# THE TASK
What are the lines from the one with "Ack • Close |" through the end of the records below, written out exactly and without the pictures?

# AVAILABLE DATA

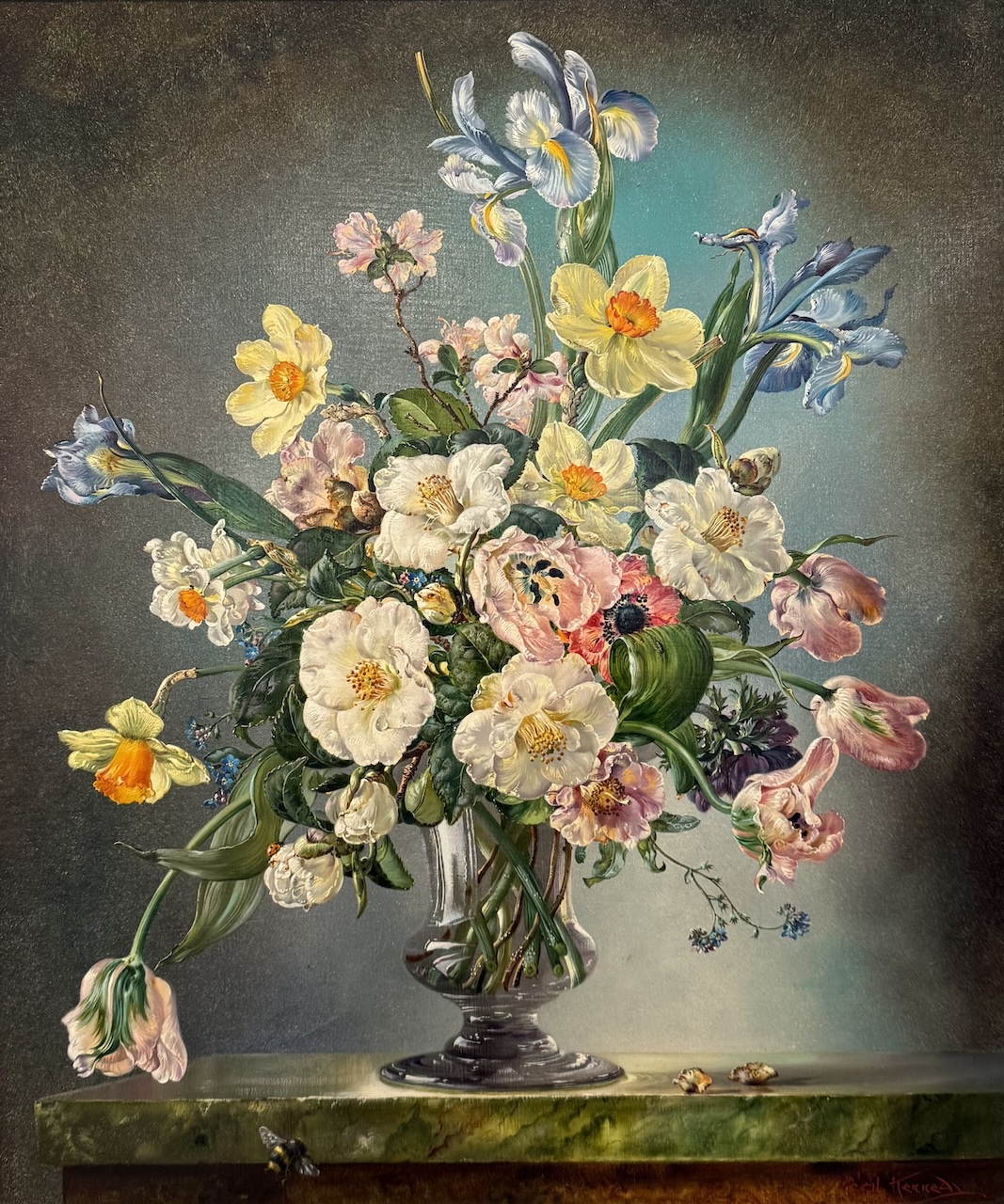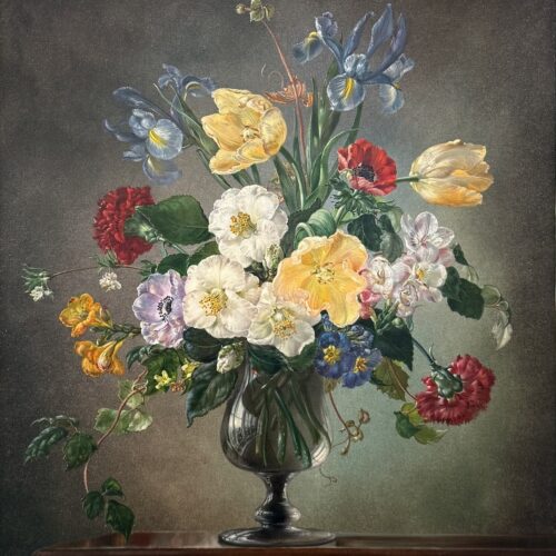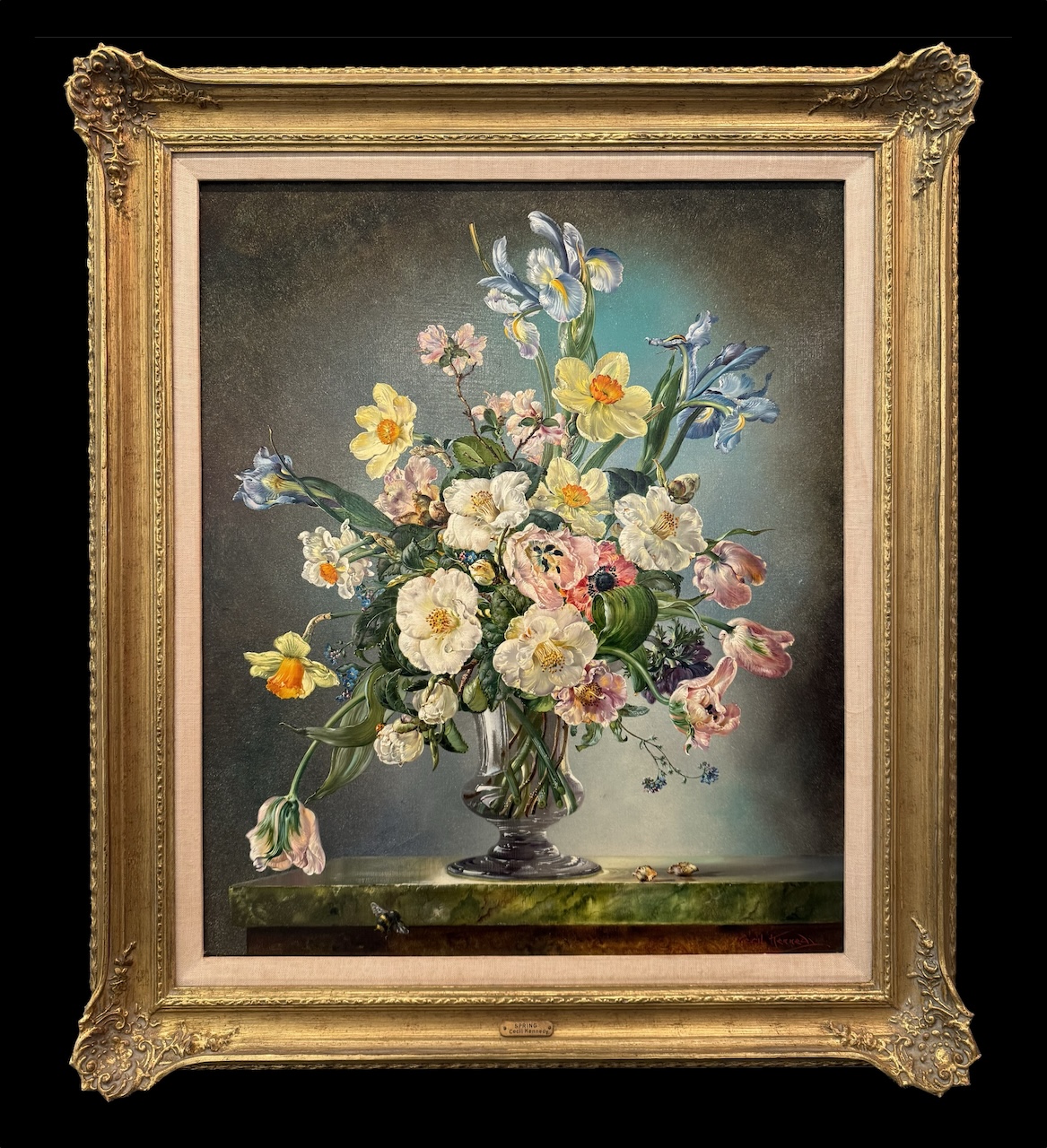 Born in Leyton, England Cecil Kennedy is best remembered for his minutely detailed depictions of flowers, additionally he also worked as a portraitist. His greatest works are admired for their exquisite detail and artful compositions, and many of these were produced during the 1960’s. His wife Winifred created the brilliant flower arrangements, usually in a vase from their collection of mid-eighteenth century Waterford vases, which further inspired his work.
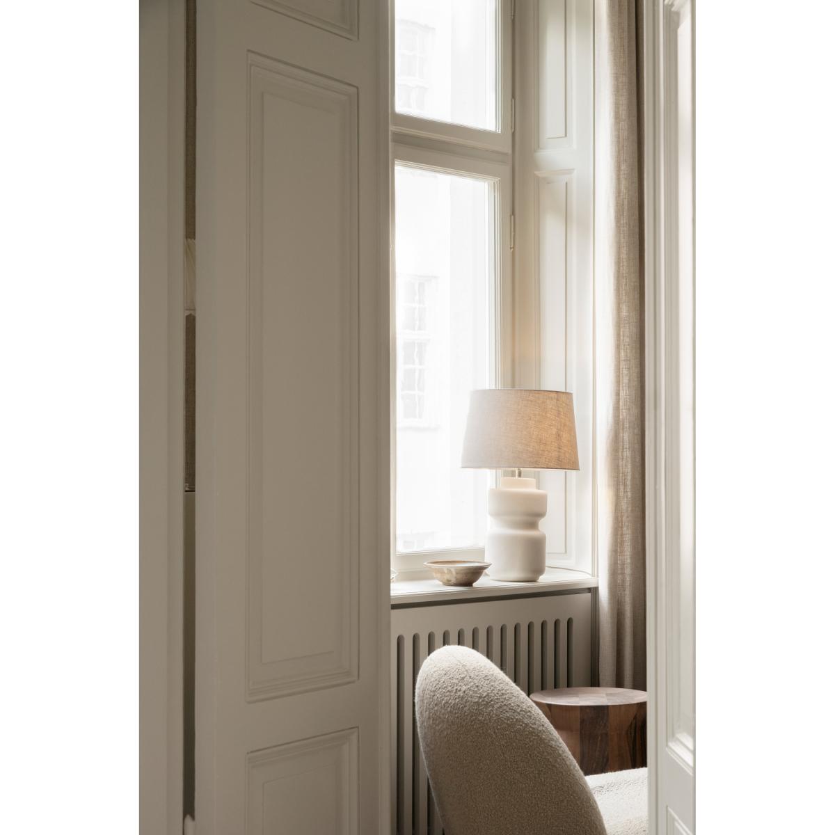 I love this lamp base because of its versatile, modern silhouette and its soft ivory tone, which adds warmth without overpowering a space. It works particularly well in contemporary or minimalist interiors, but can also be styled in eclectic settings for a touch of understated elegance. To create a balanced look, pair it with a simple drum shade in neutral or textured fabrics. Practical tips include placing it on a side table or console to add ambient lighting and a decorative touch, while keeping the colour palette cohesive by choosing accessories in complementary shades. Its 37cm height makes it ideal for bedside tables or desks, providing both style and function without overwhelming smaller spaces.
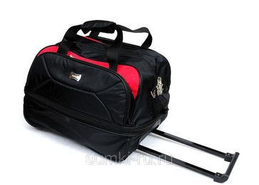 Сумка дорожная на колесах на 64 литра. Купить сумку у нас легко. Доставка в регионы почтой, по СПб курьером.Удобная дорожная сумка на колесах. Колёса на подшипниках и утоплены в корпус Сумка закрывается на молнию с двумя молниеводителями Сумка имеет одно большое отделение. С боковых сторон сумки по одному карману с двумя молниеводителями. Выдвижная ручка Ручки сумки с перехватом Плечевой ремень с удобным наплечником Пластиковая ручка в нижней части сумки позволяет удобно брать сумку. усиленная защита дна предохраняет от вытирания В нижней части 2 ножки. Кодовый замок Основной цвет сумки черно - красный Объём 64 литра Размеры: Длина 48 см. Высота 35 см (+8 см увеличение объема). Ширина 34 см. предоплата Возможен самовывоз. Есть доставка.
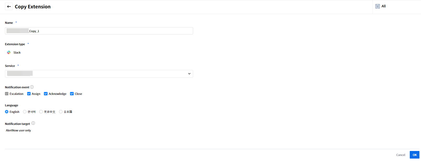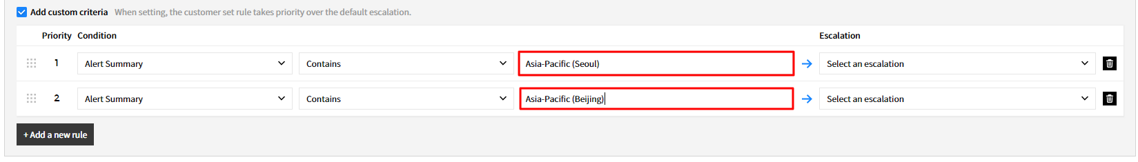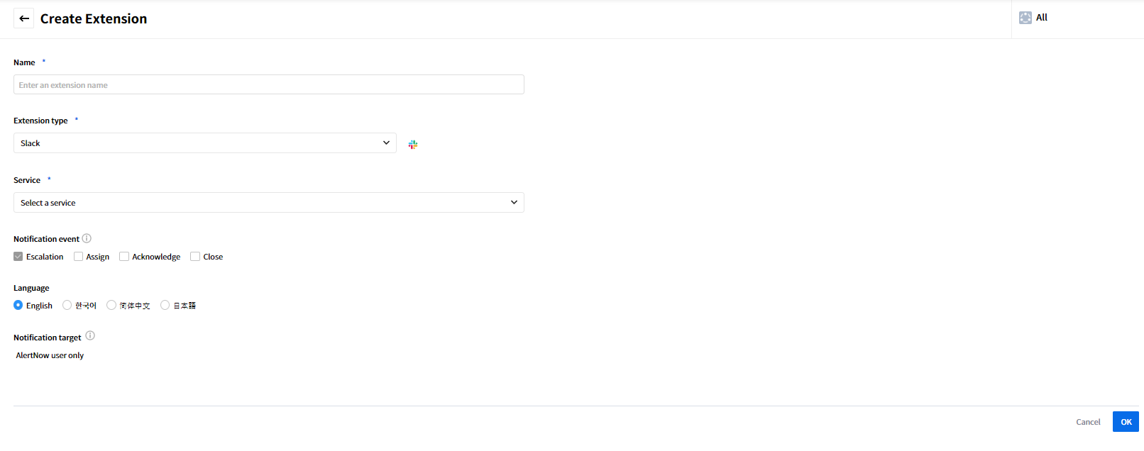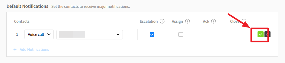 | Apply to | Choose notification channels as follows. • Escalation • Assign • Ack • Close |
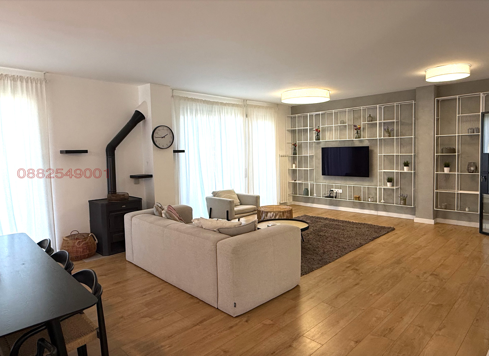 Етаж 1: Просторна дневна с отворен план, включваща кухня, трапезария и хол с камина. Тоалетна за гости.

# THE ANSWER
 | Apply to | Choose notification channels as follows. • Escalation • Assign • Ack • Close |
 Етаж 1: Просторна дневна с отворен план, включваща кухня, трапезария и хол с камина. Тоалетна за гости.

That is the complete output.